Key Experimental Results¶
Main Results¶
In zero-shot settings, SRA-Det (Swin-T) achieves 54.9 mAP across eight FG-OVD sub-datasets, outpacing OWL-ViT(L/14) by 13.8 mAP and even exceeding the fine-tuned NoctOWLv2(L/14). It maintains 40.4 AP on LVIS minival.
| Benchmark | Metric | SRA-Det (Swin-T) | Comparison | Gain |
|---|---|---|---|---|
| FG-OVD (Zero-shot, Avg 8 sets) | mAP | 54.9 | OWL-ViT(L/14) 41.1 | +13.8 |
| LVIS minival (Zero-shot) | AP | 40.4 | YOLO-World-L 35.4 | +5.0 |
| LVIS minival (Zero-shot) | AP | 40.4 | GroundingDINO 27.4 | +13.0 |
| FG-OVD (Fine-tuned) | mAP | 67.8 | GUIDED 66.4 | +1.4 |
Compared to MLLMs, SRA-Det (0.116B params) achieves a higher F1 (46.29) and Recall (51.71) on FG-OVD than Qwen3-VL-2B (2B) and Rex-Omni (4B), demonstrating superior parameter efficiency.
Ablation Study¶
| Configuration | LVIS AP | FG-OVD Hard | Explanation |
|---|---|---|---|
| V3Det only | 27.6 | 25.3 | Baseline |
| + Attr-Aug Data | 27.9 (+0.3) | 30.3 (+5.0) | Automated supervision |
| + VAW | 28.5 (+0.6) | 43.1 (+12.8) | Real attribute data impact |
| + O365 & GoldG | 40.4 (+11.9) | 45.2 (+2.1) | Massive data for category-level |
| w/o SRA | 28.5 | 40.8 | Removing facet-based retrieval |
| w/ SRA (Full) | 28.5 | 43.1 (+2.3) | Fine-grained improvement |
Key Findings¶
- SRA targets fine-grained needs: Adding SRA kept LVIS AP at 28.5 while boosting FG-OVD Hard from 40.8 to 43.1, confirming that single vectors suffice for categories, but multiple facets are required for fine-grained verification.
- Real data outperforms synthetic: While automated data provided +5.0 mAP on FG-OVD Hard, real attribute data (VAW) provided +12.8 mAP, highlighting that explicit visual attribute supervision is the bottleneck.

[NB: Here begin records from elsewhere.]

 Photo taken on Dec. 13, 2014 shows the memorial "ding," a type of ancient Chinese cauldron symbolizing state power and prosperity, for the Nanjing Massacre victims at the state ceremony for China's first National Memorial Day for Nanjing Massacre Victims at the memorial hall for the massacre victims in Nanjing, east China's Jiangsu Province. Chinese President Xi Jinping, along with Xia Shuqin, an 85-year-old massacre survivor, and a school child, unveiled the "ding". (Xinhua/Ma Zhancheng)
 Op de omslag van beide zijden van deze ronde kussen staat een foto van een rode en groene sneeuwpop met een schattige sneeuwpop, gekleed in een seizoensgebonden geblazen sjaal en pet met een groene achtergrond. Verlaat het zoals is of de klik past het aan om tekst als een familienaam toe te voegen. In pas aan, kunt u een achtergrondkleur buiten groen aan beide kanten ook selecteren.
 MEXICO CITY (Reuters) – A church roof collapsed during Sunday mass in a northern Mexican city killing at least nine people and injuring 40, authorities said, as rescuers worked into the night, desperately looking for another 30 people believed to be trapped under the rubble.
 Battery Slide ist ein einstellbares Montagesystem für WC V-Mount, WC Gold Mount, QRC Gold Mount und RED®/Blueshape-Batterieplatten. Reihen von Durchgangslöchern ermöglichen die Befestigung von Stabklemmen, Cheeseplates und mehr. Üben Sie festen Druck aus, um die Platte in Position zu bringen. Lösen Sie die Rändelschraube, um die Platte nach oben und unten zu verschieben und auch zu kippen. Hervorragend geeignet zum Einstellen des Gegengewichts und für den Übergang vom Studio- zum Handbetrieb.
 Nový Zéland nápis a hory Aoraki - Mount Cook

- Large detection sets primarily assist category levels: O365 & GoldG significantly boosted LVIS (+11.9) but only marginally improved FG-OVD Hard (+2.1).
Highlights & Insights¶
- Differentiable Logic AND: The soft-min operator smoothly interpolates between "average" and "minimum," allowing the model to punish partial matches while maintaining stable gradient flow.

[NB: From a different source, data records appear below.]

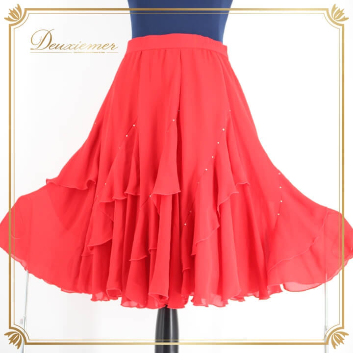 - 社交ダンス 衣装 スタンダード スカート レッスンウェア レディース オールシーズン レッド系 ラインストーン 赤 派手 シンプル かわいい
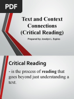 Critical reading involves the process of analyzing
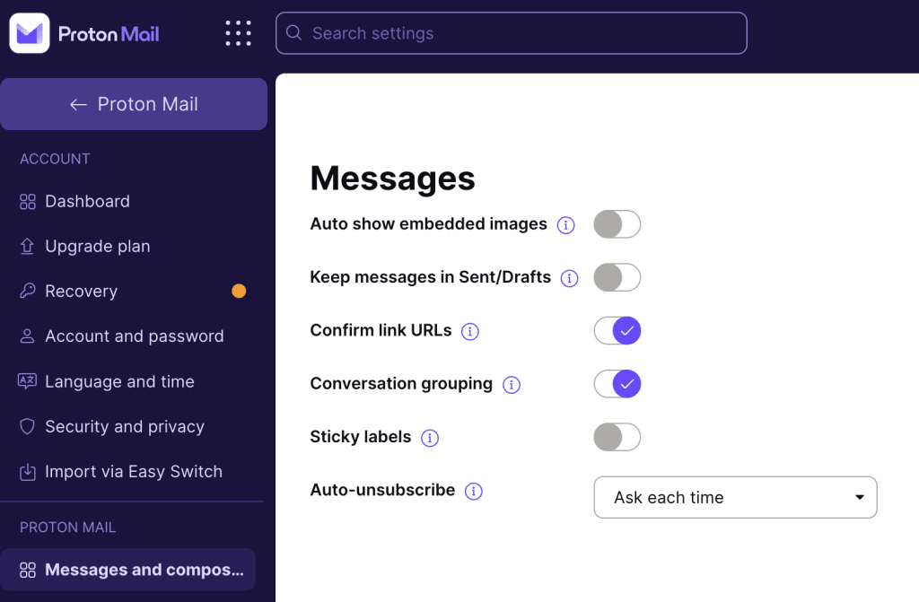 1. Sign in to Proton Mail at mail.proton.me(nueva ventana) and click Settings → All settings → Proton Mail → Messages and composing. Scroll down to the Messages section.
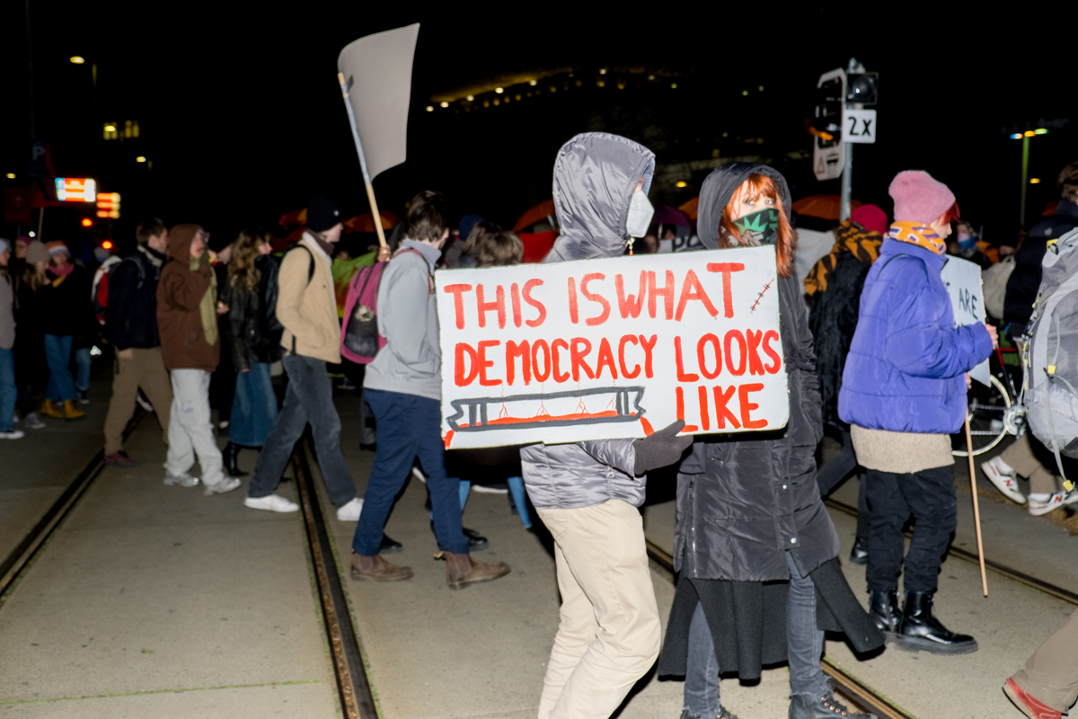 Aus der Demonstration wurden als Reaktion auf dieses Aufgebot zahlreiche polizeikritische Parolen angestimmt. Nach einer längeren Zwischenkundgebung vor dem Hotel, unter anderem mit einer Rednerin von Fridays for Future aus Polen, zog die Demonstration schließlich zur Abschlusskundgebung am Karlsplatz.
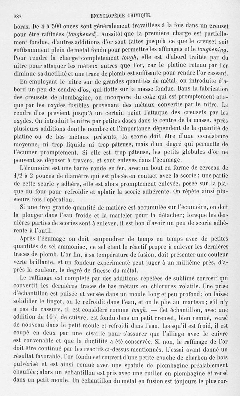 Encyclopédie chimique.Tome V.- Applications de la chimie inorganique. 2eme section : industries chimiques. 2e partie : métallurgie. L'or, par MM. E. Cumenge et Edmond Fuchs.
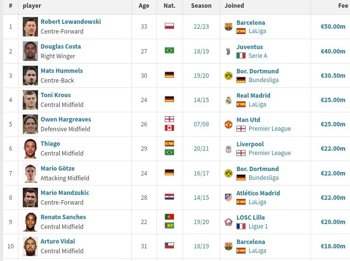 1.罗伯特-莱万多夫斯基:33岁转会,波兰,2022/23赛季转会,加盟巴塞罗那,转会费5000万欧
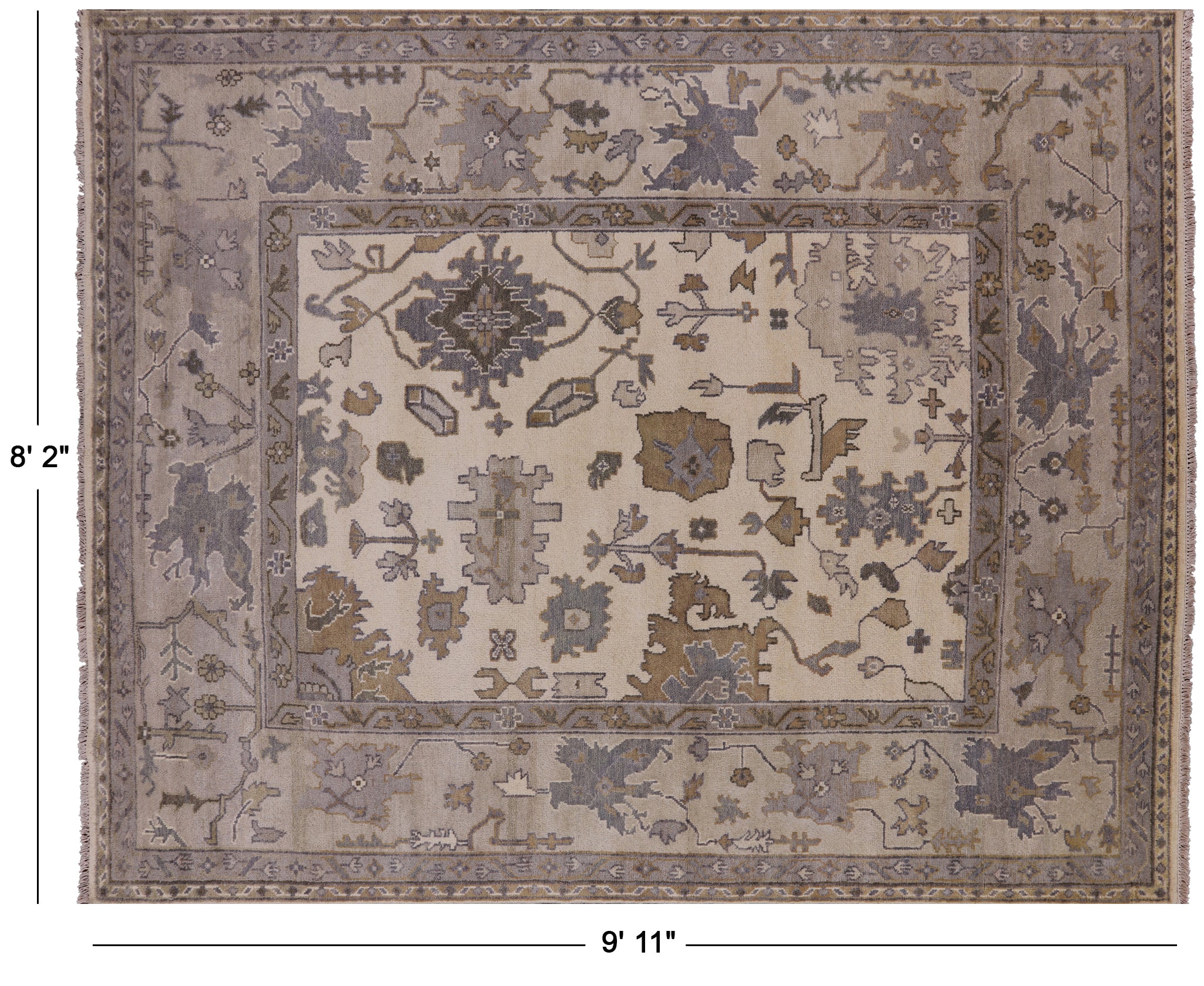 Ivory 8' 2" X 9' 11" Turkish Oushak Hand Knotted Wool Rug - Q1502
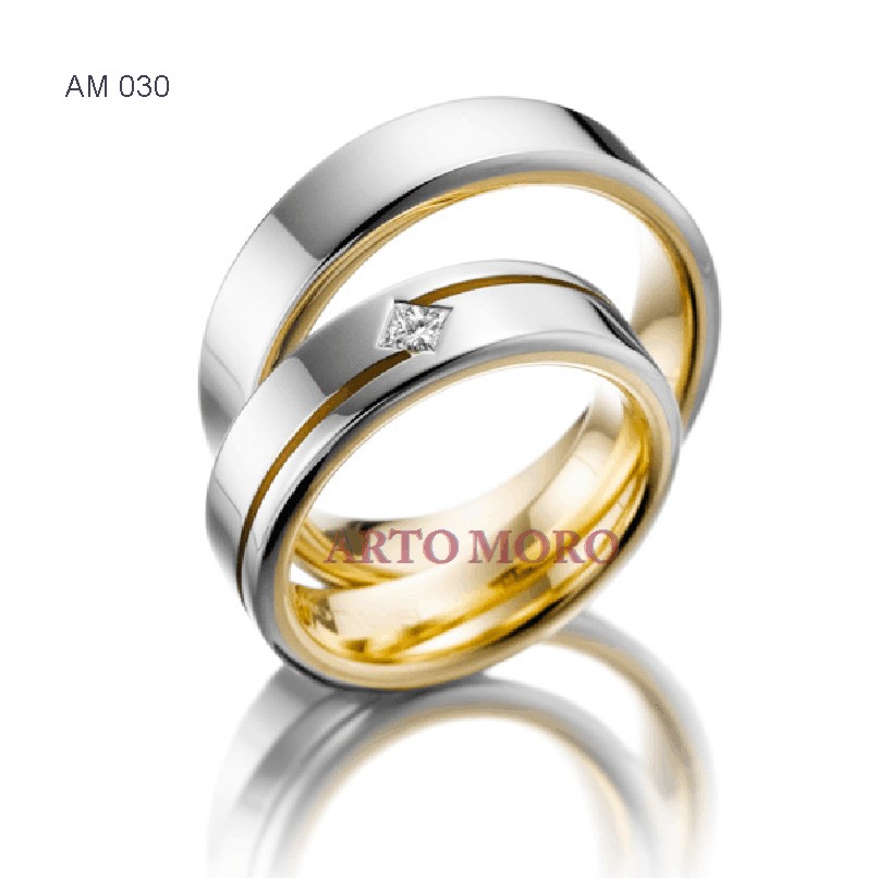 Cincin couple terlihat mewah  dan elegant dengan paduan warna kuning dan putih ditengahnya. Cincin bermatakan permata di tengahnya berjumlah 1 buah di bagian wanita dan polos di bagian pria. Cincin dapat di ukir nama di bagian dalam cincin.  Cincin sangat cocok untuk cincin tunangan dan cincin kawin.

- Progressive Query Conditioning: Initializing subsequent queries with previous results allows \(K\) facets to be complementary rather than redundant, yielding a stable +0.8 mAP gain.
- Robust Pipeline: The "pure visual attribute + dual CLIP verification + higher than category score" filtering mechanism effectively mitigates LLM hallucinations and CLIP noise.

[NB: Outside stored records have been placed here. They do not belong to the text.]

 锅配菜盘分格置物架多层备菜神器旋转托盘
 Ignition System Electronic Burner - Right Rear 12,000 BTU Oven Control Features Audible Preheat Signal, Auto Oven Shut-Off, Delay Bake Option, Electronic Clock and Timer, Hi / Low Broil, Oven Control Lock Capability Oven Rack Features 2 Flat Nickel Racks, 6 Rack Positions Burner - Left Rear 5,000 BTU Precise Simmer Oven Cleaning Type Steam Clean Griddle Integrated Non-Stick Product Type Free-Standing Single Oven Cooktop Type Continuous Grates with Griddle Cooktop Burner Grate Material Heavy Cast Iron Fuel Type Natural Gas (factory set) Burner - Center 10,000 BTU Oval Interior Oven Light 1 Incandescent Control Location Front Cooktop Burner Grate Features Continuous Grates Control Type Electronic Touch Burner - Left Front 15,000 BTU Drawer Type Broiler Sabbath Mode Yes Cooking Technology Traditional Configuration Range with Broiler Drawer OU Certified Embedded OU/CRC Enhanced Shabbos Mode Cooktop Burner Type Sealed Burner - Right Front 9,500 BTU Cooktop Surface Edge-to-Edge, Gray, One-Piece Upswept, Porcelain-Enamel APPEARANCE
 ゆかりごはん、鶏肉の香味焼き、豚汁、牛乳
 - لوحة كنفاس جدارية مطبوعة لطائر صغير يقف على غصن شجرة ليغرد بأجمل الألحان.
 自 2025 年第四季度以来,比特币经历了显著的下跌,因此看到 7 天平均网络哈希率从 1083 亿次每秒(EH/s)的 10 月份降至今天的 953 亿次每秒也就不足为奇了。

Limitations & Future Work¶
- The pipeline's reliance on LLM generation and CLIP verification is imperfect and can introduce bias or noise. Performance remains limited for rare or ambiguous attributes with subtle visual evidence.
- The use of a fixed \(K=3\) might not be optimal for long descriptions with many attributes. Future work could investigate adaptive \(K\) or long-tail attribute reweighting.
Related Work & Insights¶
- vs HA-FGOVD / NoctOWL: Whereas previous works still fuse attributes into a single vector (allowing category signals to mask attribute violations), SRA-Det uses distinct facets and soft-min to ensure an "all-or-nothing" satisfaction.
- vs GUIDED: GUIDED uses a three-stage pipeline (subject recognition, coarse detection, attribute discrimination). SRA-Det integrates multi-attribute consistency directly into the matching mechanism in an end-to-end fashion.
- vs LLMDet / MM-GDINO: These focus on scaling category-level AP via MLLM fine-tuning. SRA-Det focuses on fine-grained precision, outperforming them significantly on attribute-heavy benchmarks.
Rating¶
- Novelty: ⭐⭐⭐⭐ Introducing "multi-semantic facets + soft-min AND" to OVD is clear and effective.
- Experimental Thoroughness: ⭐⭐⭐⭐ Coverage of LVIS/FG-OVD/OmniLabel plus extensive MLLM comparisons.
- Writing Quality: ⭐⭐⭐⭐ Logical flow and clear coupling between formulas and diagrams.
- Value: ⭐⭐⭐⭐ Addresses the coarse-to-fine gap in OVD with reusable matching and data paradigms.